AVAILABLE RECORDS:
- - - - -

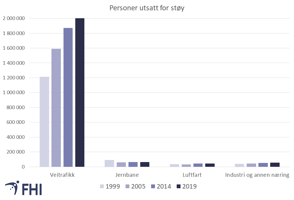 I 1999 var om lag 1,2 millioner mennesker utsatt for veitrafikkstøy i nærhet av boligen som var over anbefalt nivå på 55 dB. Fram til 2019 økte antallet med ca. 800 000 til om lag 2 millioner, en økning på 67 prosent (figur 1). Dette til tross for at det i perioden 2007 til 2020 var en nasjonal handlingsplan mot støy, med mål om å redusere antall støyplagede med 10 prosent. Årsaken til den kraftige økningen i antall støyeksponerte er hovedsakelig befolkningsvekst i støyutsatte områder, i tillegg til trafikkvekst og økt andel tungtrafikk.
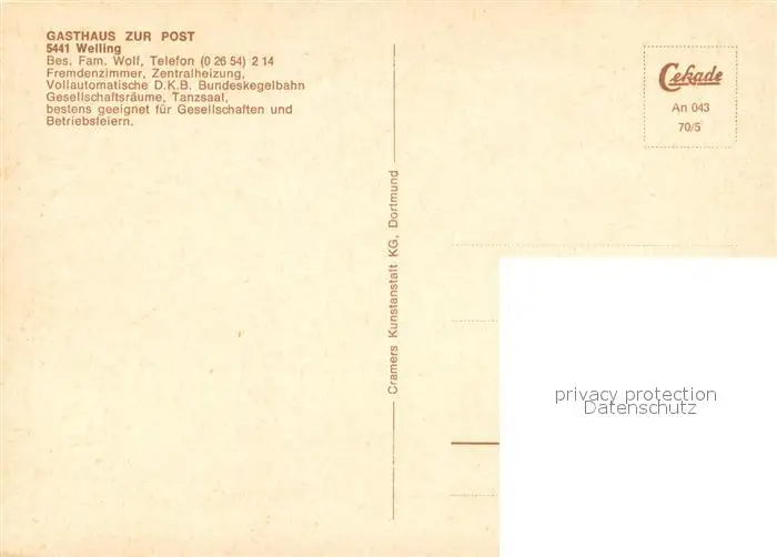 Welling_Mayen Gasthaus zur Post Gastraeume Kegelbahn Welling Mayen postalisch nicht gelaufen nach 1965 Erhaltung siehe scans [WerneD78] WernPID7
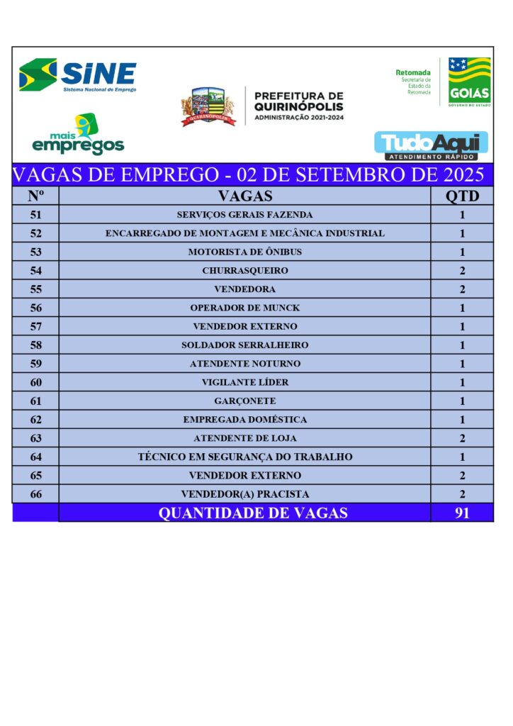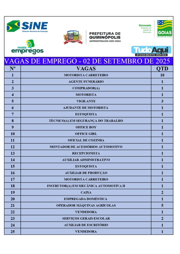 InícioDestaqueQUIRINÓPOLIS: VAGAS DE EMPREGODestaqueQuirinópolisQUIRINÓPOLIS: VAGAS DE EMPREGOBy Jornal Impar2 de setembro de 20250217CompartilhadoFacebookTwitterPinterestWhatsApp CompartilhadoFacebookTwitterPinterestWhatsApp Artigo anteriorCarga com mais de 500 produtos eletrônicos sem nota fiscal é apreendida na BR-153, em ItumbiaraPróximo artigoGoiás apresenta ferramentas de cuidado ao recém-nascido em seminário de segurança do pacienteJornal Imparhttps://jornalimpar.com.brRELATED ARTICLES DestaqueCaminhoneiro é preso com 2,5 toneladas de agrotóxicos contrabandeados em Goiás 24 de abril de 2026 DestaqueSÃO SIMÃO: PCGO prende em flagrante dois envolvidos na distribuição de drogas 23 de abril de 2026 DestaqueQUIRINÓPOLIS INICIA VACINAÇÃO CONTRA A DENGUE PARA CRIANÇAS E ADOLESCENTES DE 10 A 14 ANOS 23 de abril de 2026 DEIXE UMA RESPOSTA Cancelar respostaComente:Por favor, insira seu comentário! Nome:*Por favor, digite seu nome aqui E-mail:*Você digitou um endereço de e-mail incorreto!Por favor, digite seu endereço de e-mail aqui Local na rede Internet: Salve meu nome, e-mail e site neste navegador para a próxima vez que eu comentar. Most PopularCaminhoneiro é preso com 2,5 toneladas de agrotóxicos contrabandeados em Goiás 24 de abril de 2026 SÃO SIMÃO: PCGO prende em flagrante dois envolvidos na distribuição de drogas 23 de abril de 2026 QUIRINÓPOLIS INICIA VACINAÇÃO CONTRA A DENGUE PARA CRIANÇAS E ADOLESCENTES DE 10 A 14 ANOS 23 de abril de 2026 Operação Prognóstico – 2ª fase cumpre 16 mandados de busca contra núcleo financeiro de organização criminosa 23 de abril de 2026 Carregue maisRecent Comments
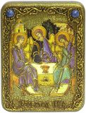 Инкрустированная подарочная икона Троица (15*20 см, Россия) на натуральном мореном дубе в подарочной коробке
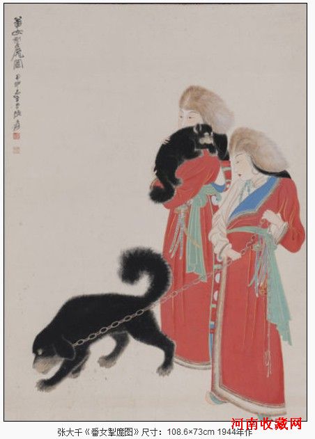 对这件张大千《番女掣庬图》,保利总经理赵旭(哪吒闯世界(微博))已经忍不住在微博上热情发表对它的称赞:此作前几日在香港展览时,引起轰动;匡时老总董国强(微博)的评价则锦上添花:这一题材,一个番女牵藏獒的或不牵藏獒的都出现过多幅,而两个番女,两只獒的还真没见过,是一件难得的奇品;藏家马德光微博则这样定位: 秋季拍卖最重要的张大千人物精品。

- - - - -

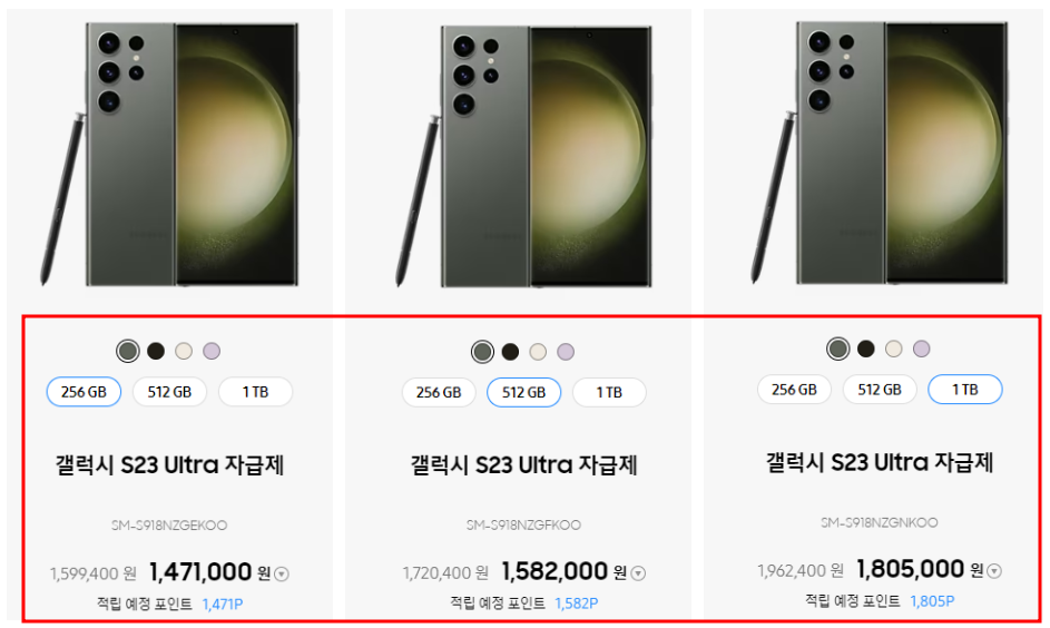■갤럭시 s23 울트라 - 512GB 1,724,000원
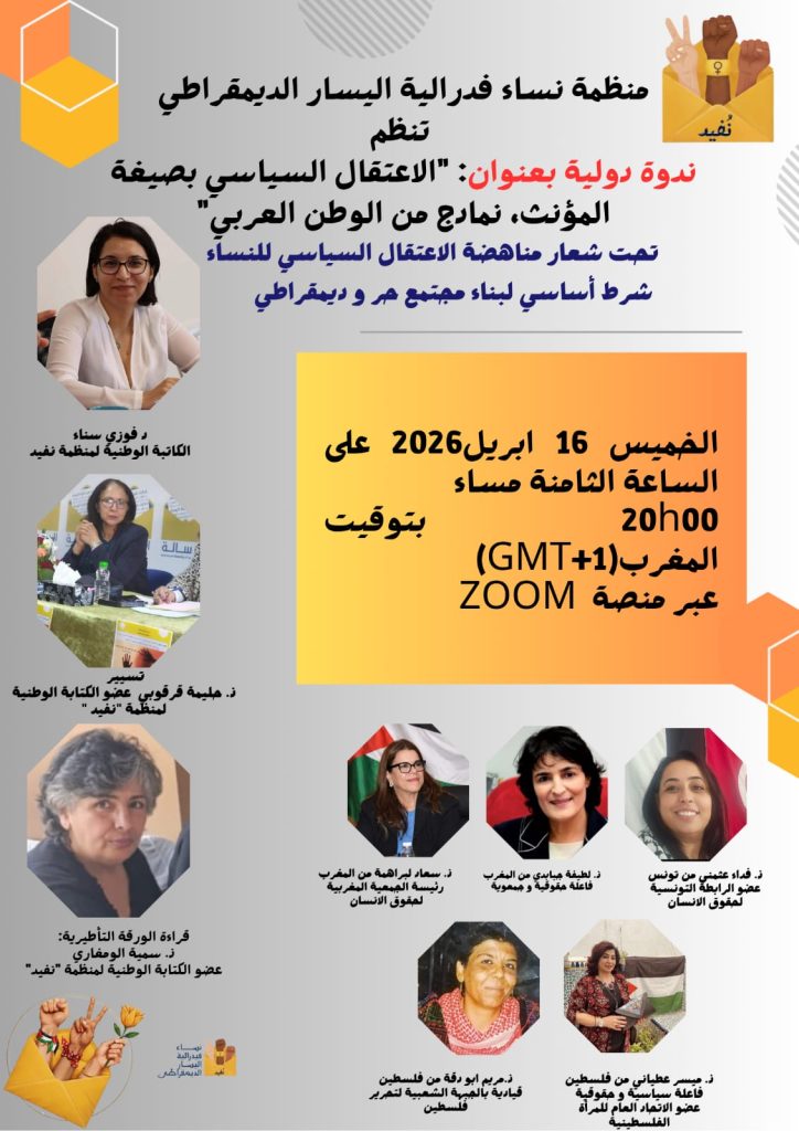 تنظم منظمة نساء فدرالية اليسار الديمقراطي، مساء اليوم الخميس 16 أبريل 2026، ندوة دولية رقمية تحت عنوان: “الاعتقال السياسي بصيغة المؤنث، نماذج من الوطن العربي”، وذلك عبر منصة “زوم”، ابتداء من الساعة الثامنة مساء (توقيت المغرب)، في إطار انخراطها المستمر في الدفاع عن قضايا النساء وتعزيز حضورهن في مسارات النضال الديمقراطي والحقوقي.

- - - - -

TASK GOAL:
Copy the listing above exactly, but only from the line with "Инкрустированная подарочная икона" through the line with "对这件张大千《番女掣庬图》,保利总经理赵", including those two lines and excluding any picture.

ANSWER BOX:
 Инкрустированная подарочная икона Троица (15*20 см, Россия) на натуральном мореном дубе в подарочной коробке
 对这件张大千《番女掣庬图》,保利总经理赵旭(哪吒闯世界(微博))已经忍不住在微博上热情发表对它的称赞:此作前几日在香港展览时,引起轰动;匡时老总董国强(微博)的评价则锦上添花:这一题材,一个番女牵藏獒的或不牵藏獒的都出现过多幅,而两个番女,两只獒的还真没见过,是一件难得的奇品;藏家马德光微博则这样定位: 秋季拍卖最重要的张大千人物精品。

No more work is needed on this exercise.